Long Eaton motorcycle speedway teams operated from 1950 until 1997 in Long Eaton, England. Teams have raced at the Long Eaton Stadium as the Long Eaton Archers, Long Eaton Rangers, Nottingham Outlaws and the Long Eaton Invaders. The Invaders returned in 2011, with home meetings taking place at the Leicester Lions' track.

History
Speedway events had been hosted at Long Eaton from as early as 1929, the first meeting being on 18 May 1929. The team were founder members of the 1929 Speedway English Dirt Track League but withdrew and had their results expunged. The Derby Evening Telegraph described the oval circuit as having four laps to the mile, with straights  and the bends  'to allow broadsiding at 60 mph'. The last meeting of this era was on 10 June 1930.

Speedway events returned to Long Eaton in 1950 with a team initially called the "Archers". The team operated until 1953 when the promotion closed. The "Archers" name was again used when the track re-opened in 1963 until it closed again at the end of the 1967 season. In 1969 the track re-opened with the team named "Rangers" until 1974 when the "Archers" name was used for one more season. The track opened again in 1979 and were called the "Nottingham Outlaws" but closed at the end of the 1980 season.

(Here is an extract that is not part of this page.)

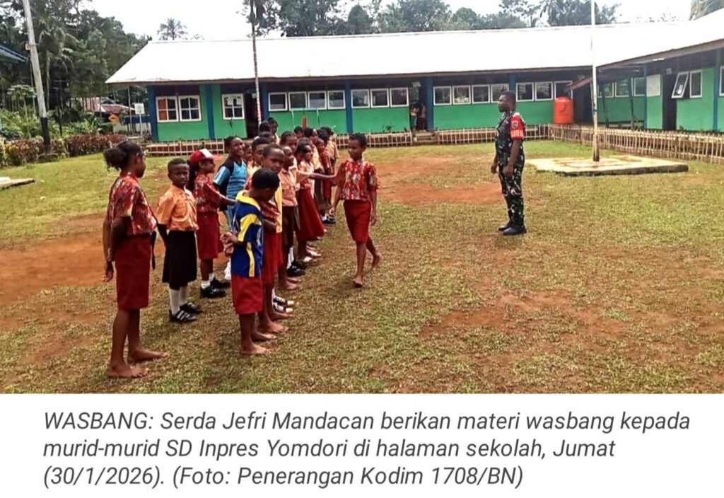 TOP-NEWS.id, YOMDORIBabinsa Koramil 1708-03/Biak Barat Serda Jefri Mandacan melaksanakan kegiatan pembinaan teritorial memberikan materi wawasan kebangsaan (wasbang) kepada murid-murid SD Inpres Yomdori, Distrik Biak Barat, Kabupaten Biak Numfor, Papua, Jumat (30/1/2026).

Another revival followed in 1982 as the team was again re-branded, but this time as the "Long Eaton Invaders" – the name was chosen due to the popularity of the Space Invaders arcade game at that time. The Invaders won the National League Championship in 1984 and the Premier League Four-Team Championship in 1997. In early 1998 it was announced that the stadium was to be sold for housing development and the club would have to vacate immediately. The proposed development never took place, and there was an unsuccessful attempt to reopen the site for speedway racing in 2005.

The site was later approved for a residential development with public open spaces by Erewash Borough Council, and is now a housing estate.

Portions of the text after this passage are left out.